• **Material provided**

┄┄┄┄┄┄

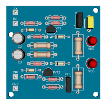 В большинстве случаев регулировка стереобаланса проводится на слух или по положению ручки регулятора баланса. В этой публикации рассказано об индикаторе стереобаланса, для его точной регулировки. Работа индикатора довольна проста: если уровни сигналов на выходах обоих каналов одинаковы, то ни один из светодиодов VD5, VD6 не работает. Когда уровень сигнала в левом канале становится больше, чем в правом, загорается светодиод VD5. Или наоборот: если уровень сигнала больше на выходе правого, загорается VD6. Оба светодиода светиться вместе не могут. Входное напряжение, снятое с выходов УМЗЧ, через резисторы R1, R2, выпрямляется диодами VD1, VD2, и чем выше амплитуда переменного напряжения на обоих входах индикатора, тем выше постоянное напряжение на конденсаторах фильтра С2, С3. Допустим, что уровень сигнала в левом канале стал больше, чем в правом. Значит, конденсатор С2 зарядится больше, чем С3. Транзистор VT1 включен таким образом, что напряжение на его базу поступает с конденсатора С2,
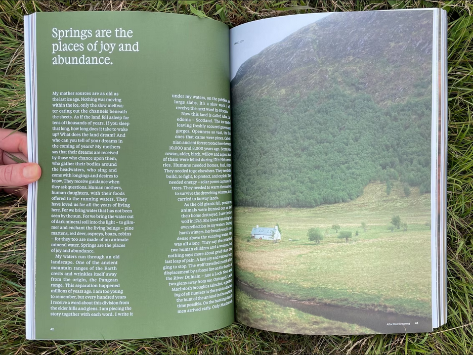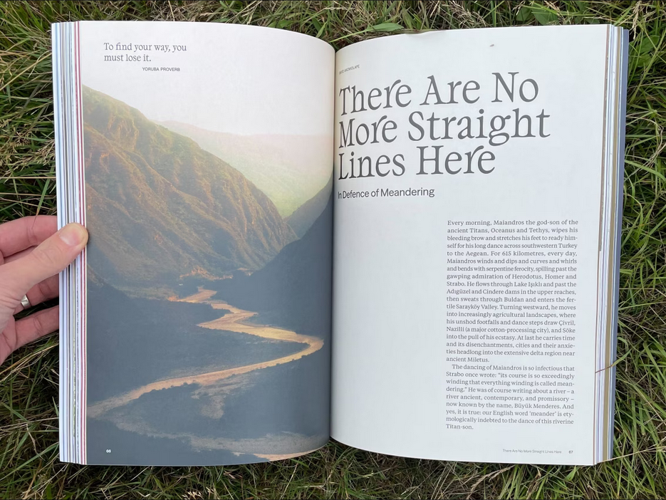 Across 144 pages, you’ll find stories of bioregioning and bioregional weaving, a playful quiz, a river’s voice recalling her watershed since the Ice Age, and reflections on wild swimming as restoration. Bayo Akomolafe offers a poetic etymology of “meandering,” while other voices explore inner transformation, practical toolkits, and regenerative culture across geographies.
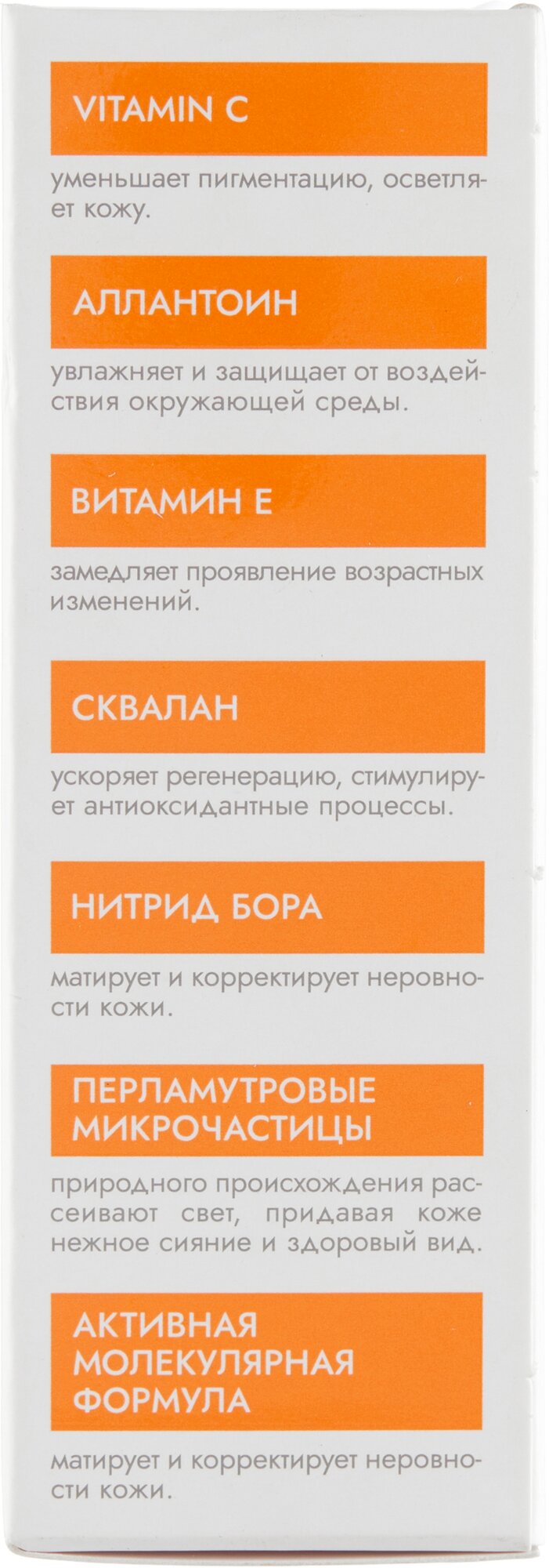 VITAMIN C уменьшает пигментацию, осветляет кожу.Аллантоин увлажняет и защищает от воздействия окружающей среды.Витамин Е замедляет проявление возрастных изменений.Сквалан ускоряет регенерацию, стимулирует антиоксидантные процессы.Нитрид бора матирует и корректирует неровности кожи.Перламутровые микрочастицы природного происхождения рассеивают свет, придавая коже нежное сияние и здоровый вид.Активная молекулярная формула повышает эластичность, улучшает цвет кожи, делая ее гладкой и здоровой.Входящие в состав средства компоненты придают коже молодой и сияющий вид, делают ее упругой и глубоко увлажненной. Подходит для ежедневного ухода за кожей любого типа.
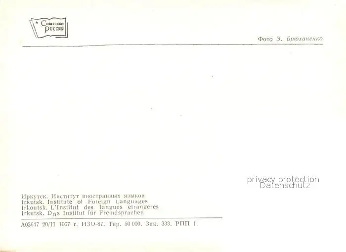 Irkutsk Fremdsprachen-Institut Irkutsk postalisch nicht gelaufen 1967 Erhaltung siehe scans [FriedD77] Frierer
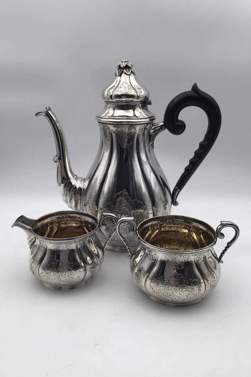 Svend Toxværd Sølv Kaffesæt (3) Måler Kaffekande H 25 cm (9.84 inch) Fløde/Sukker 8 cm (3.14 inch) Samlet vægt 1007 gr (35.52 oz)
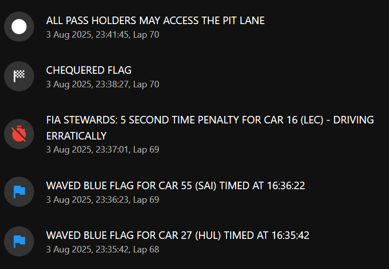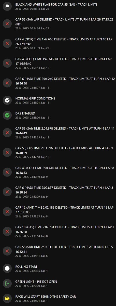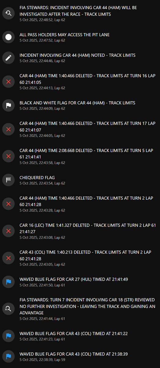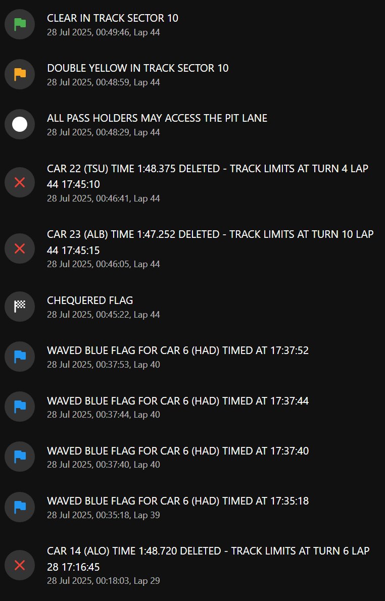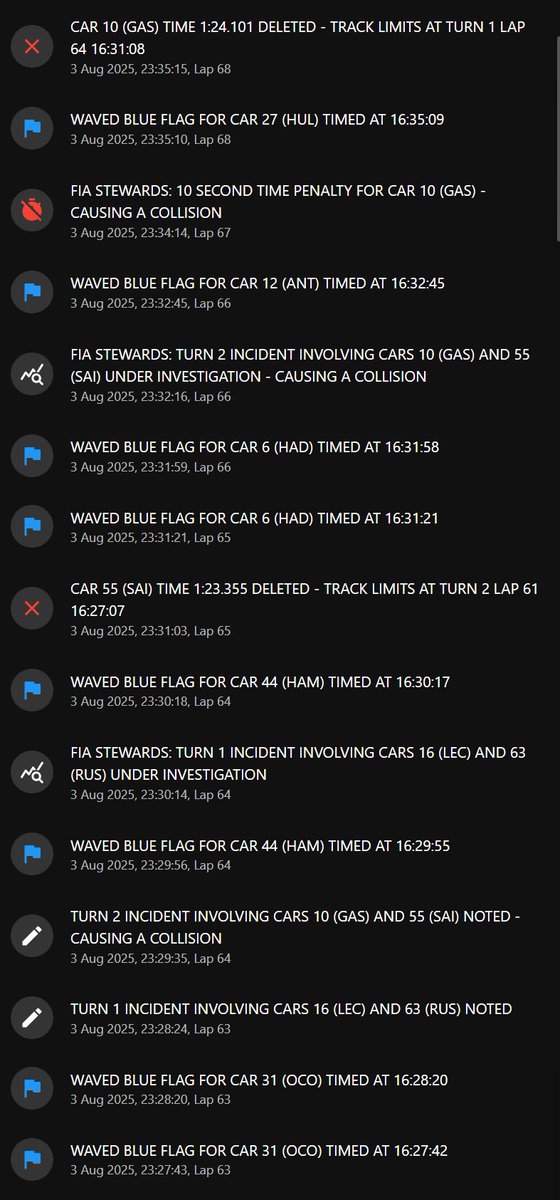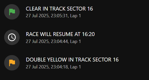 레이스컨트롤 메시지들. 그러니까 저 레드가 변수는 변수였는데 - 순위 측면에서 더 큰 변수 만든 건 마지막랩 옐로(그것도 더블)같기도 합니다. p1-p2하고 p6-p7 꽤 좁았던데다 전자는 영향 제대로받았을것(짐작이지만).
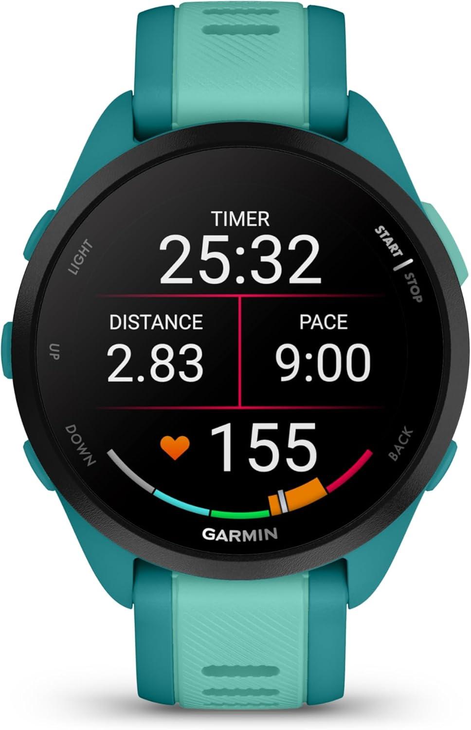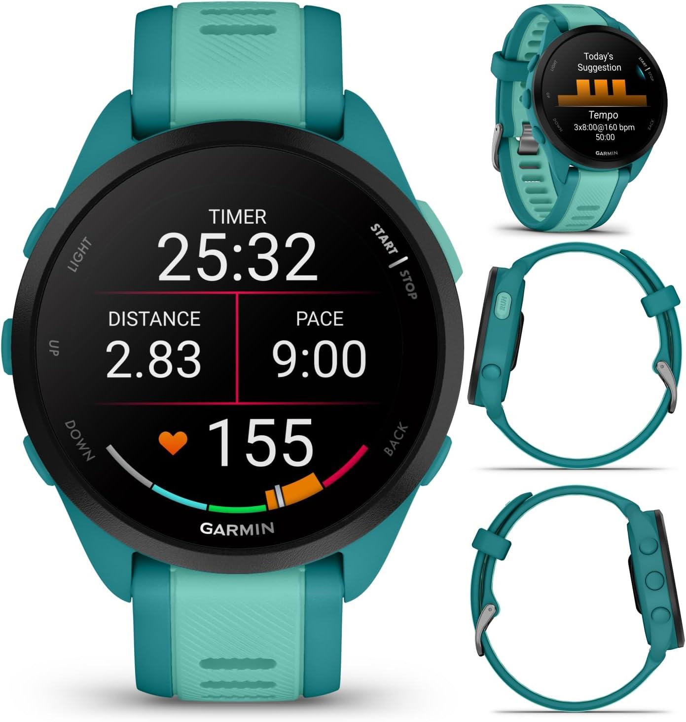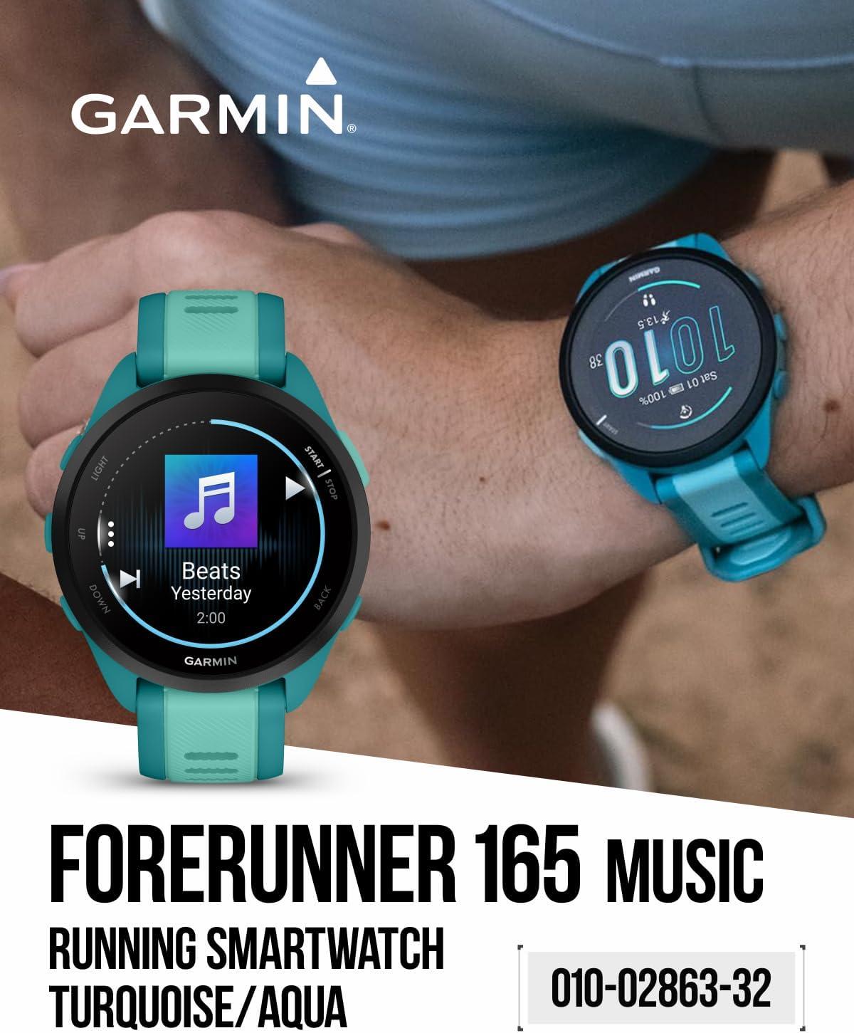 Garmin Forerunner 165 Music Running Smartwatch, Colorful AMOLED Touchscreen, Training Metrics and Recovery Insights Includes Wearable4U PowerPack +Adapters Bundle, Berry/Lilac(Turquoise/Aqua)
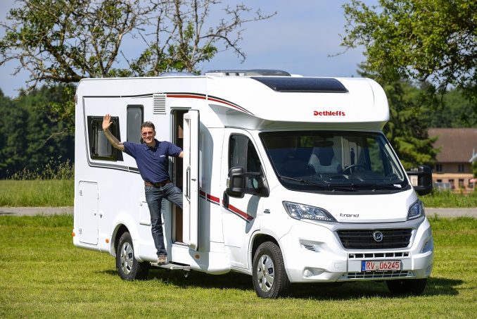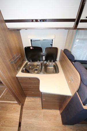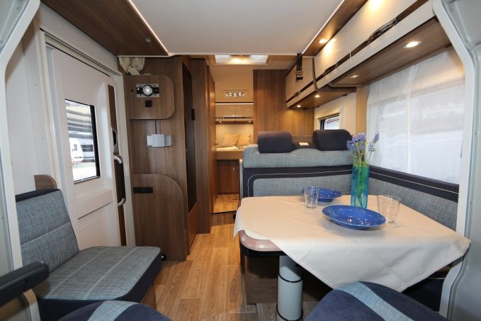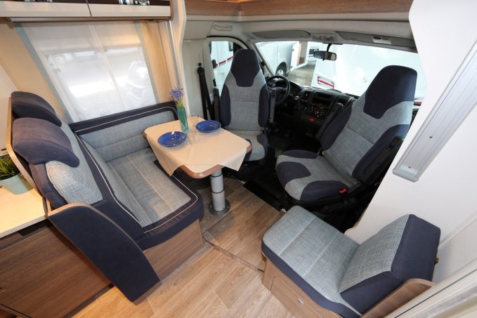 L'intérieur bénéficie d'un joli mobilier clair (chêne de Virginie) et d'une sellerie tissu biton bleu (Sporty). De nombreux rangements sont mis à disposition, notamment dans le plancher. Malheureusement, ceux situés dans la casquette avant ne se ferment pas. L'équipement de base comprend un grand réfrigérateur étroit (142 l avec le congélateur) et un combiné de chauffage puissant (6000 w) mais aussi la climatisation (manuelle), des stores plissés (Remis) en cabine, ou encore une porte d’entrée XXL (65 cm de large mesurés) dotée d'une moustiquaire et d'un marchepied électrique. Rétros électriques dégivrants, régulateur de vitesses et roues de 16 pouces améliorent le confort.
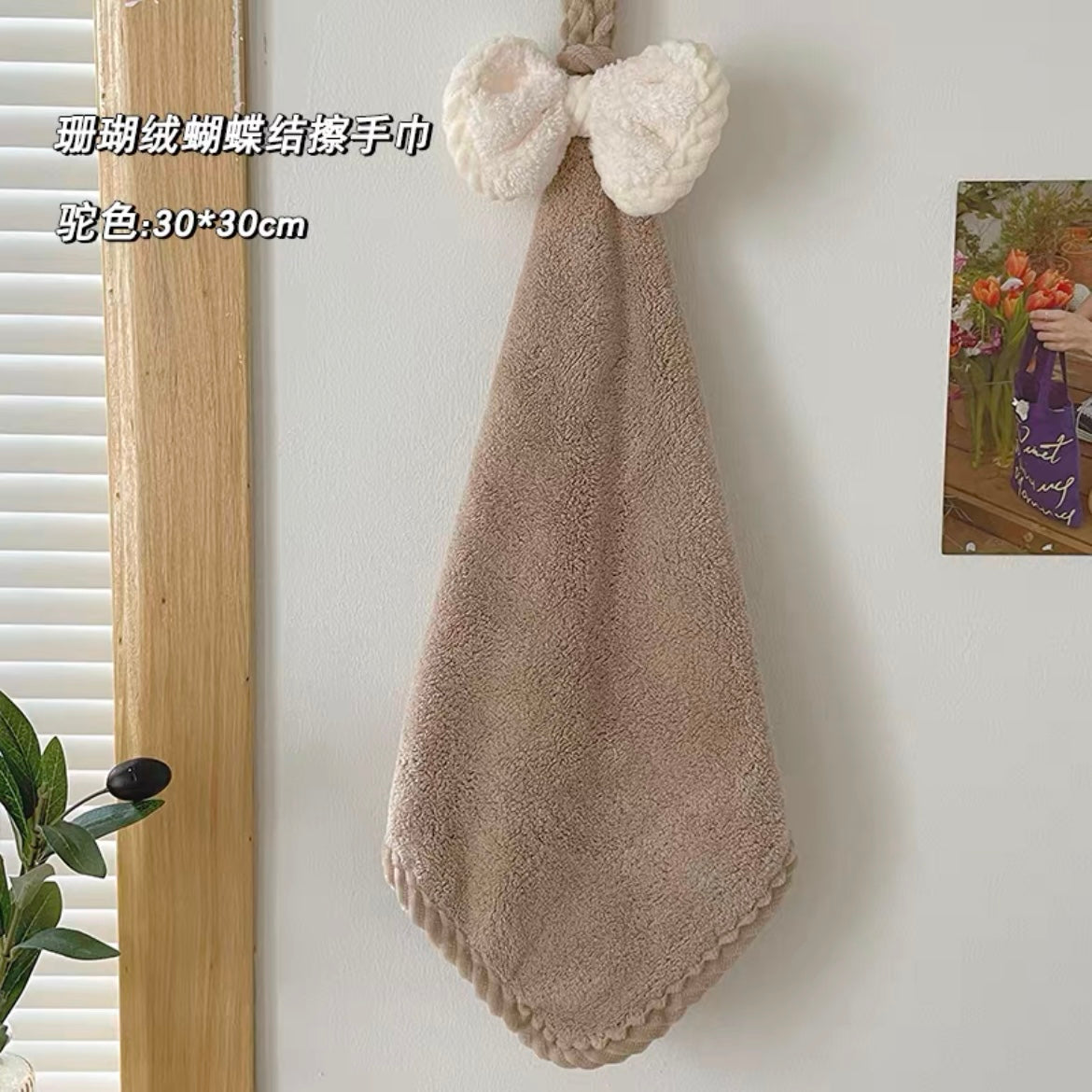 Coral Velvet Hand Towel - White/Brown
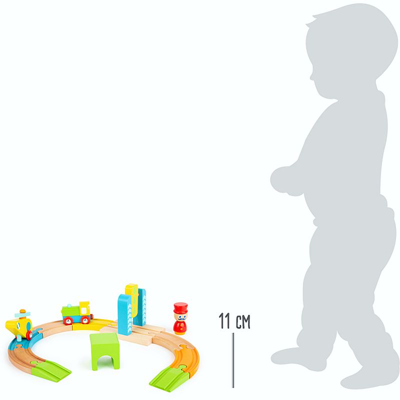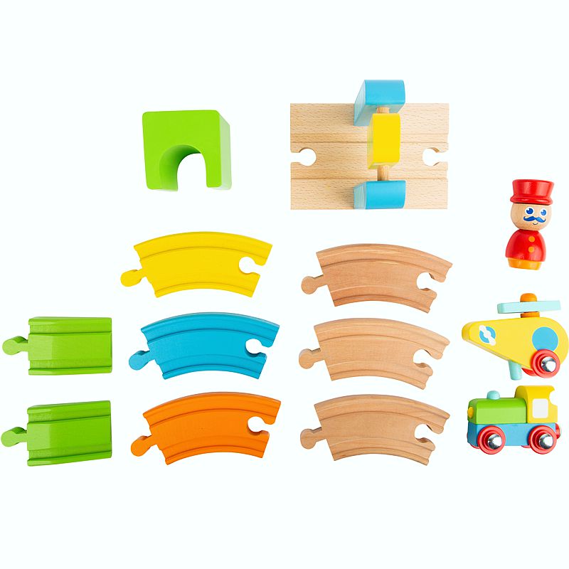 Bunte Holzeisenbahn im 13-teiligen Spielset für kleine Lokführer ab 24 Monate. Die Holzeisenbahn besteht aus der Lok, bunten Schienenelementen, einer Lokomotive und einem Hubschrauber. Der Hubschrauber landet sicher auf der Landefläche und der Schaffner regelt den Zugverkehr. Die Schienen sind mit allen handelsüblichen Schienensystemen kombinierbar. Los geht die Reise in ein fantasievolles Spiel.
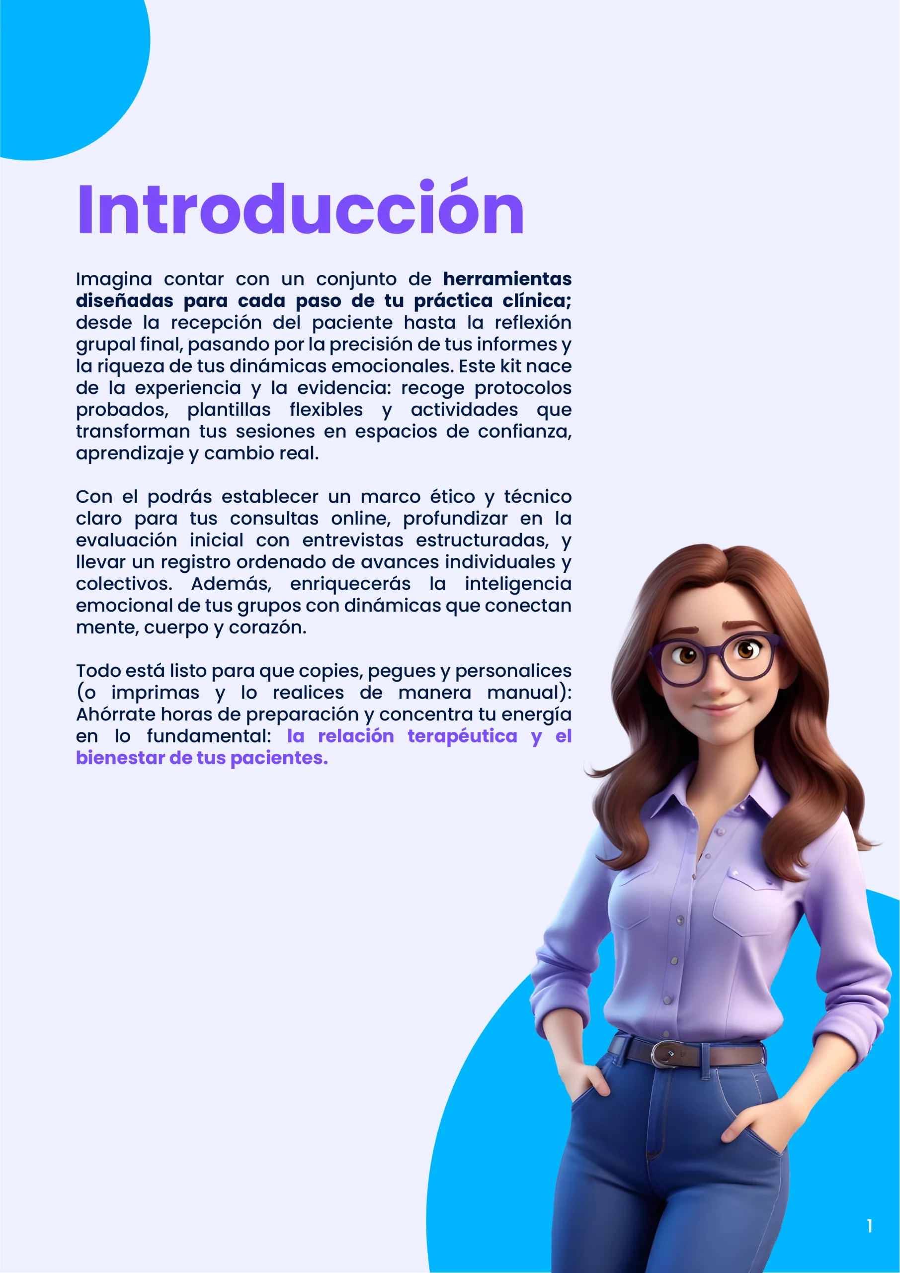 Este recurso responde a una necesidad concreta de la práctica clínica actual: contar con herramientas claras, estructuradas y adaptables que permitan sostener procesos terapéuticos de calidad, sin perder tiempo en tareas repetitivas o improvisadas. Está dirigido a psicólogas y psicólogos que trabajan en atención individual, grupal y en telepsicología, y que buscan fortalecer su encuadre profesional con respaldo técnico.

┄┄┄┄┄┄

• **Problem statement**
Repeat the lines of the records verbatim, starting at the line containing "Coral Velvet Hand Towel - White/Brown" and stopping after the final line. Images stay out.

• **Worked solution**
 Coral Velvet Hand Towel - White/Brown
 Bunte Holzeisenbahn im 13-teiligen Spielset für kleine Lokführer ab 24 Monate. Die Holzeisenbahn besteht aus der Lok, bunten Schienenelementen, einer Lokomotive und einem Hubschrauber. Der Hubschrauber landet sicher auf der Landefläche und der Schaffner regelt den Zugverkehr. Die Schienen sind mit allen handelsüblichen Schienensystemen kombinierbar. Los geht die Reise in ein fantasievolles Spiel.
 Este recurso responde a una necesidad concreta de la práctica clínica actual: contar con herramientas claras, estructuradas y adaptables que permitan sostener procesos terapéuticos de calidad, sin perder tiempo en tareas repetitivas o improvisadas. Está dirigido a psicólogas y psicólogos que trabajan en atención individual, grupal y en telepsicología, y que buscan fortalecer su encuadre profesional con respaldo técnico.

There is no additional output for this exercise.